In general, though, based on dramatic shifts in culture, society, business and communication, most organizations will be well-served to integrate social media into their communication models. That’s the counsel I provide, along with the strategies for getting there. Ultimately, it’s still all about the company’s best interests.

Comments
  • 1.Amen. Communication is a function much like HR in that our job is to help the company executive its strategy. Communication decisions made apart from this strategy-centric view tend to miss the point. The benefits of good constituent relations are many. Thanks for helping to keep us focused.

    Michael Netzley | February 2008 | Singapore

  • 2.I think the business heads are there for a reason. They are in power because, ideally, they would what it is that would be for the best interest of everyone in the company. But there should also be a sort of democracy in a way for the workers, just in case the heads have flaws.

    Viktor | February 2008

  • 3.Every employee has different roles and responsibilities assigned into them. From top to the bottom they have respectful objective for company sake, which will enable them to render satisfying services to the clients or users entrusting them. The company assigned rules and obligation for employee that should respect and follow of everyone.

    Peyton | February 2008

  • 4.Thanks, again Shel, for a great post. I trust that there are enough important details in implementing social media that analogous to open source software, you have paying work to do even after such useful writing.
    I agree, social media use at work is not a right. And every employee blogging at work would probably be counter productive.
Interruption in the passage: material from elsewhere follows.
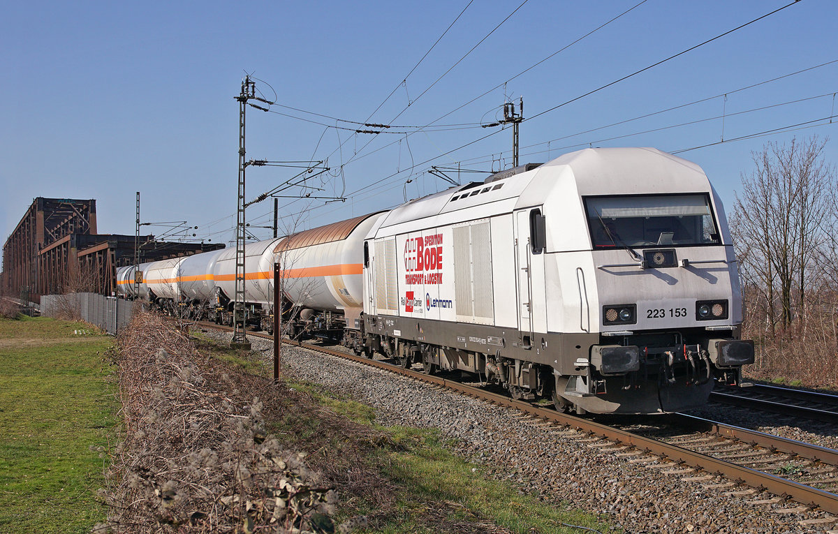 Güterzug mit Lokomotive 223 153 am 24.02.2021 in Duisburg.

There is a little evidence that a few active bloggers within the firm benefit the 'silent majority.'
    However I agree with Shel -- the academic research his claim -- that organizations that inspire higher trust, foster autonomy, engagement, etc. have employees with higher job satisfaction, productivity, and innovativeness.
    Therefore employees may observe that their firms are not as progressive as other and may not be doing all they should with modern HR and communication practices. But its not a right; employees may wish to move to other firms.

    Dan Smith | February 2008 | Hawaii

  • 5.I think social media's responsibility in organization is to reach out to the organizations clients/customers. It does not mean that because a company employs social media, employees are free to blog/write whatever it is that they want to right. There should be restrictions. And it should help the productivity of the whole organization.

    Humus | February 2008

  • 6.For too long I feel we’ve had folks on both sides of the issue of social media. One side blindly pushing for the adoption of new media tools as tactics and even as the new order. On the other side - and it’s interesting since we don’t...

  • 7.Right on Shel. We think "social media recruiting", as we call it, is the next evolution of the online recruiting landscape. Its about time employers stopped being so close minded and make their companies more transparent. Social Media enables them to do that. At Jobs in Pods we're starting to get calls from Fortune 500s who are beginning to investigate this new media and we think its a positive sign.

    Jobs in Pods | February 2008

  • 8.Bravo- "the workplace is not a democracy" I'm going to remember that line.

    Dubai | February 2008

  • 9.Excellent take on a thorny issue, Shel, and a timely reminder to consultants like me to remember that we contract to work for a business and not its staff.

    Getting the positives across to those who run the business while assuring them that they will remain in control is always the trickiest part of selling a solution. More than questions of ROI, for instance.

    I'm also surprised at how flexible and responsive heads of business become when they see just how the company's image starts to develop as the staff are allowed to be open and enthuse online. It comes down, I feel, to creating an environment in which businesses feel safe to adapt.